◆ YOUR OBJECTIVE
Please return, exactly and only, the lines beginning at the top of the entries below and ending with the line containing "在这次的版本推送说明中,我们看到苹果修复了音频和触感反馈在部分iPhone 7和iPhone 7"; keep out the pictures.

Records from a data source
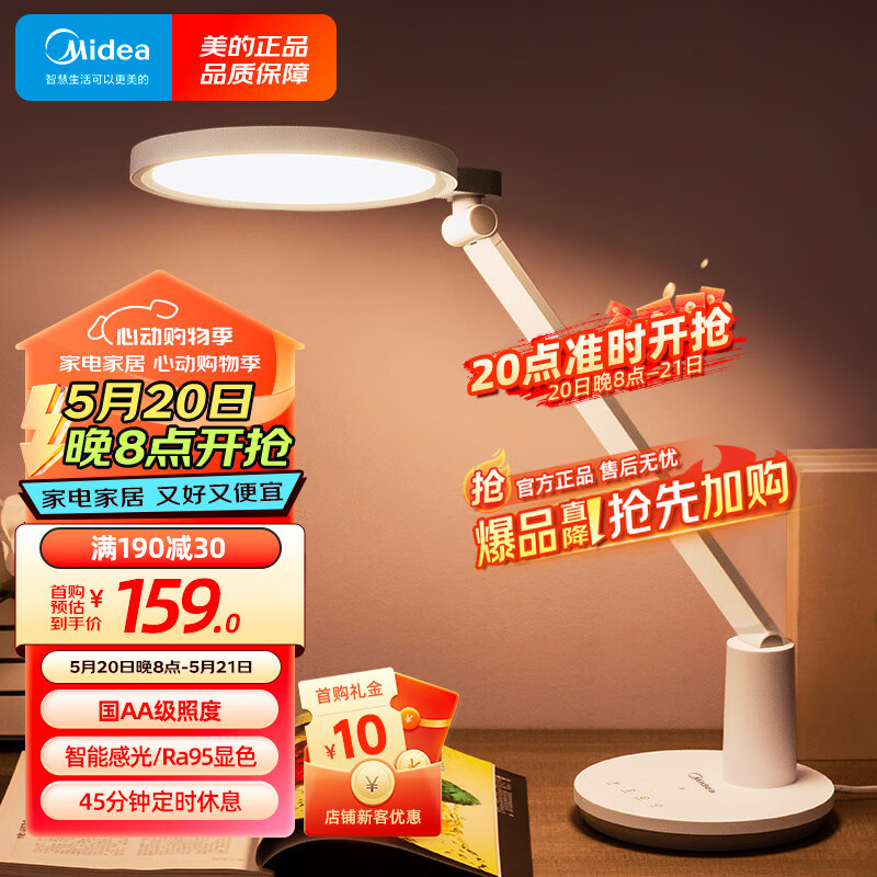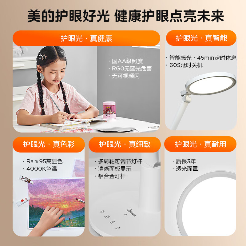 美的(Midea)护眼学习台灯国AA级学生儿童阅读床头工作书桌读写led灯君雅价格:199.00元!
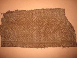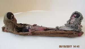 Pre-Columbian Peruvian dolls with two women and a baby in a boat.
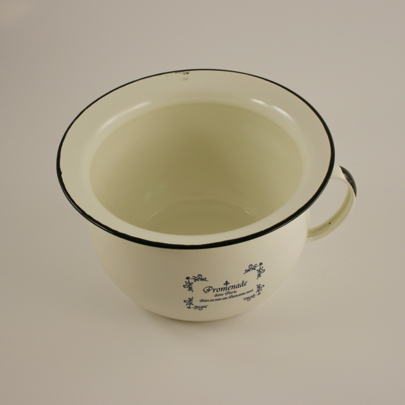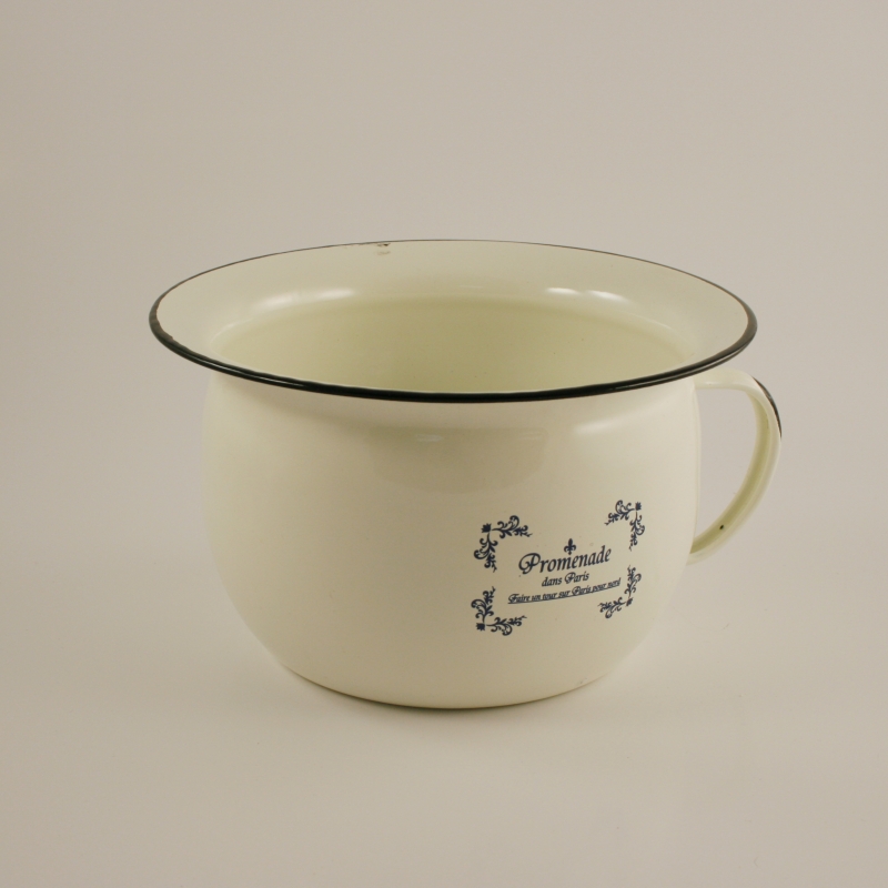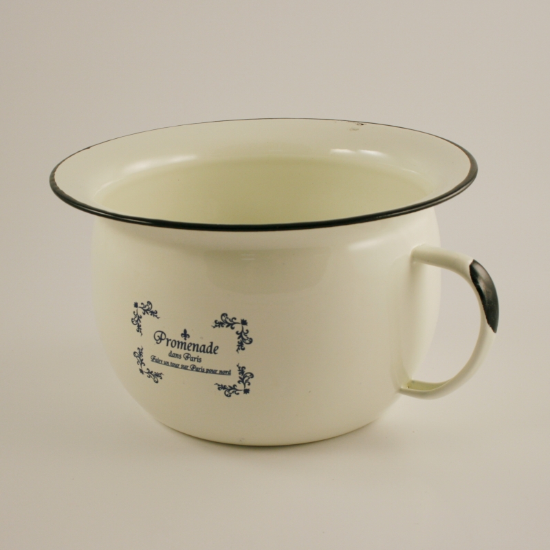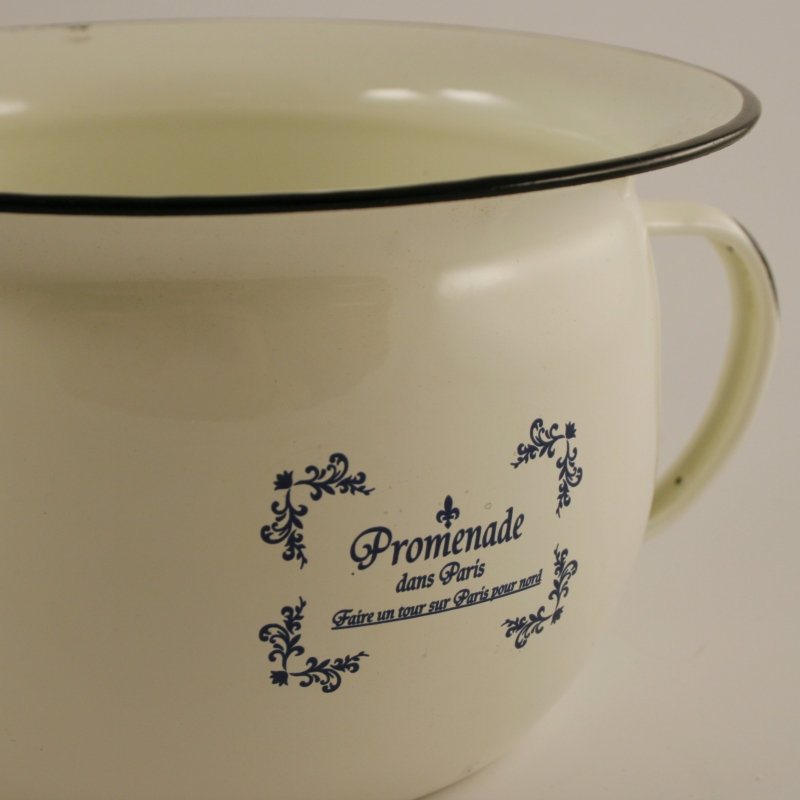 Nádoba Promenade je biela smaltovaná nádoba s uškom . Predná časť zdobí nápisy a ornamenty vykonané výraznou modrou farbou .
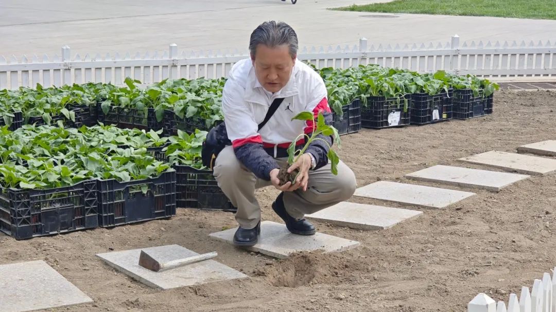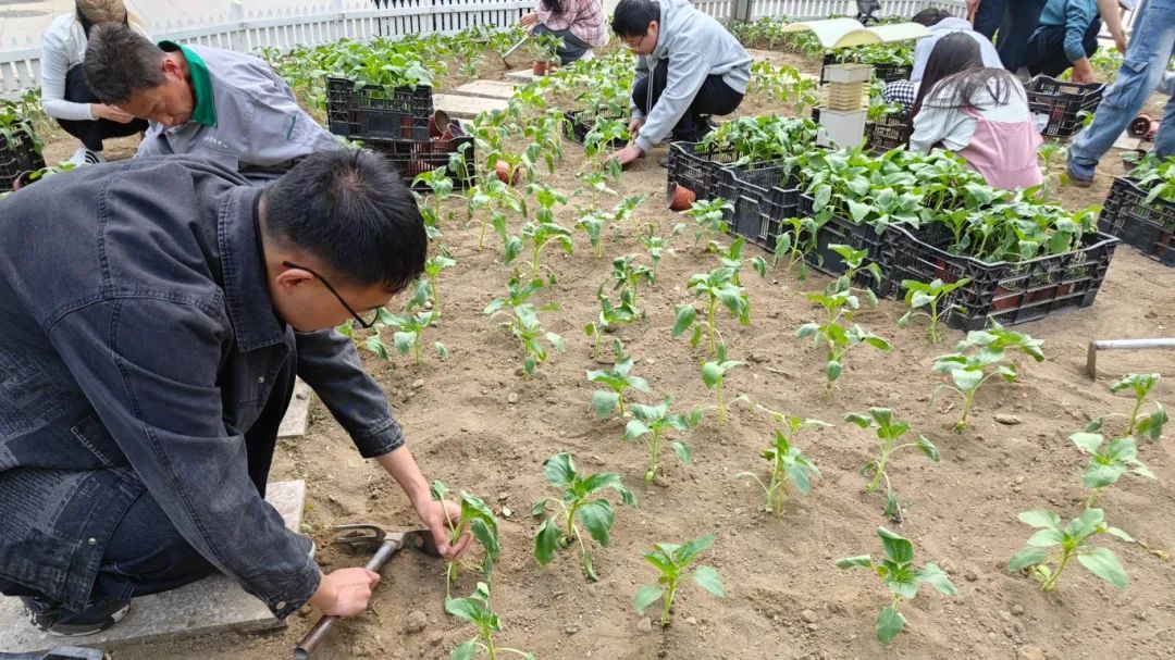 在理论知识讲解完毕后,后勤处的师傅们现场演示了规范的种植流程。从松土深度到幼苗移栽,从覆土技巧到种植规范,每一个步骤都细致入微。师傅们手把手教学,志愿者们领取到工具之后纷纷投入种植活动当中,现场劳动氛围浓厚。
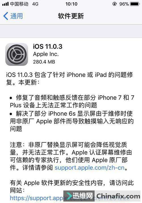 | 就在上周,苹果正式向用户推送了苹果iOS11.0.2的版本更新,在苹果iOS11.0.2版本更新中,苹果带回了用户期待已久的3D Touch侧边按压功能。 而时隔一周,也就是在今天凌晨,苹果又继续推送了ios11.0.3的系统版本更新,这次的更新修复大量的漏洞,而且首次在更新系统版本中对于山寨未认证屏幕做出了回应。 在这次的版本推送说明中,我们看到苹果修复了音频和触感反馈在部分iPhone 7和iPhone 7 Plus设备上无法正常工作的问题。搞定了部分iPhone 6s显示屏由于维修时运用非原厂Apple部件而导致触摸输入无响应的问题。 其中,对于这次版本推送中,最吸引人注意的就是搞定了部分iPhone 6s显示屏由于维修时运用非原厂Apple部件而导致触摸输入无响应的问题,还有系统更新的内容注意。 这两条都对非认证屏幕做出了相应的官方态度:那就是你可以运用非原装iPhone手机屏幕幕幕,我们也会尽量给你进行系统优化,但是还是推荐运用认证了的iPhone手机原装屏幕,非原装的可能会因为硬件问题导致无法正常工作。 而我们知道,苹果一向对自己产品的硬件配套设施管控的非常严格,就比如数据线,如果未经过认证,山寨的直接不能进行充电作业。而这次对非认证屏幕的首次表态,是不是默许了山寨屏幕的存在呢? 这一点我想只有苹果官方公司才能给出答案,但是对于普通消费者来说确实是一个好消息,更换的非原装屏幕的网友也不用担心苹果忽然进行硬件认证了,但是还是推荐更换屏幕的用户去正规商店,其硬件设施有保障,也有较好的产品售后。 总的来说这次的ios11.0.3版本推送更新还是值得升级的,特别是那些因为更换非认证屏幕而导致触控不灵的用户,试试更新这次的新版本,看看会不会恢复正常呢?你的手机屏幕幕幕更换过吗?用了多少钱呢?欢迎评论! |
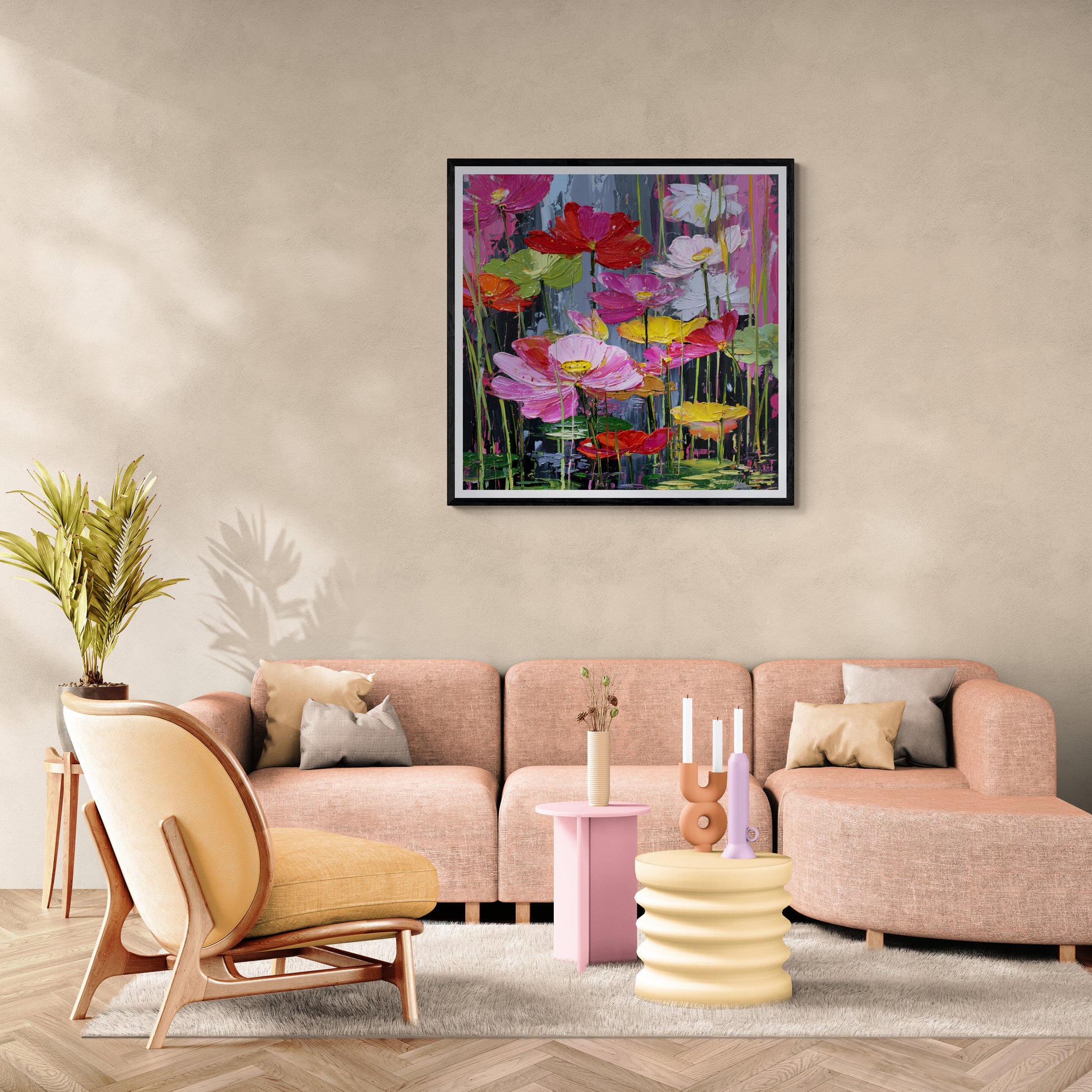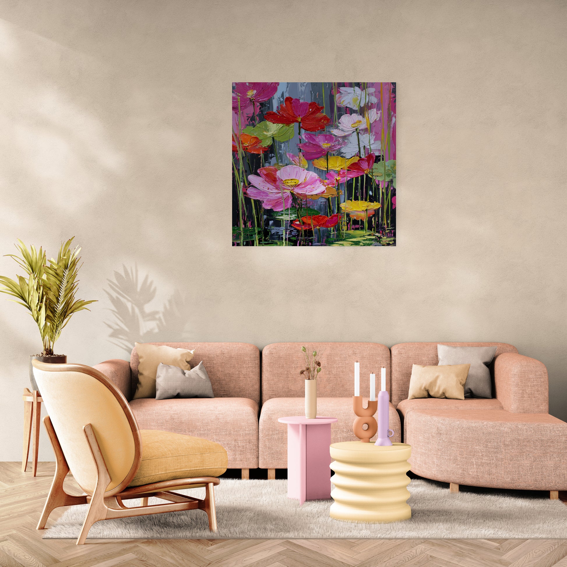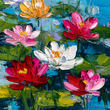 Celebration of Nature: A colorful and joyous representation of flowers blooming in water.

◆ RESPONSE TO THE EXERCISE
 美的(Midea)护眼学习台灯国AA级学生儿童阅读床头工作书桌读写led灯君雅价格:199.00元!
 Pre-Columbian Peruvian dolls with two women and a baby in a boat.
 Nádoba Promenade je biela smaltovaná nádoba s uškom . Predná časť zdobí nápisy a ornamenty vykonané výraznou modrou farbou .
 在理论知识讲解完毕后,后勤处的师傅们现场演示了规范的种植流程。从松土深度到幼苗移栽,从覆土技巧到种植规范,每一个步骤都细致入微。师傅们手把手教学,志愿者们领取到工具之后纷纷投入种植活动当中,现场劳动氛围浓厚。
 | 就在上周,苹果正式向用户推送了苹果iOS11.0.2的版本更新,在苹果iOS11.0.2版本更新中,苹果带回了用户期待已久的3D Touch侧边按压功能。 而时隔一周,也就是在今天凌晨,苹果又继续推送了ios11.0.3的系统版本更新,这次的更新修复大量的漏洞,而且首次在更新系统版本中对于山寨未认证屏幕做出了回应。 在这次的版本推送说明中,我们看到苹果修复了音频和触感反馈在部分iPhone 7和iPhone 7 Plus设备上无法正常工作的问题。搞定了部分iPhone 6s显示屏由于维修时运用非原厂Apple部件而导致触摸输入无响应的问题。 其中,对于这次版本推送中,最吸引人注意的就是搞定了部分iPhone 6s显示屏由于维修时运用非原厂Apple部件而导致触摸输入无响应的问题,还有系统更新的内容注意。 这两条都对非认证屏幕做出了相应的官方态度:那就是你可以运用非原装iPhone手机屏幕幕幕,我们也会尽量给你进行系统优化,但是还是推荐运用认证了的iPhone手机原装屏幕,非原装的可能会因为硬件问题导致无法正常工作。 而我们知道,苹果一向对自己产品的硬件配套设施管控的非常严格,就比如数据线,如果未经过认证,山寨的直接不能进行充电作业。而这次对非认证屏幕的首次表态,是不是默许了山寨屏幕的存在呢? 这一点我想只有苹果官方公司才能给出答案,但是对于普通消费者来说确实是一个好消息,更换的非原装屏幕的网友也不用担心苹果忽然进行硬件认证了,但是还是推荐更换屏幕的用户去正规商店,其硬件设施有保障,也有较好的产品售后。 总的来说这次的ios11.0.3版本推送更新还是值得升级的,特别是那些因为更换非认证屏幕而导致触控不灵的用户,试试更新这次的新版本,看看会不会恢复正常呢?你的手机屏幕幕幕更换过吗?用了多少钱呢?欢迎评论! |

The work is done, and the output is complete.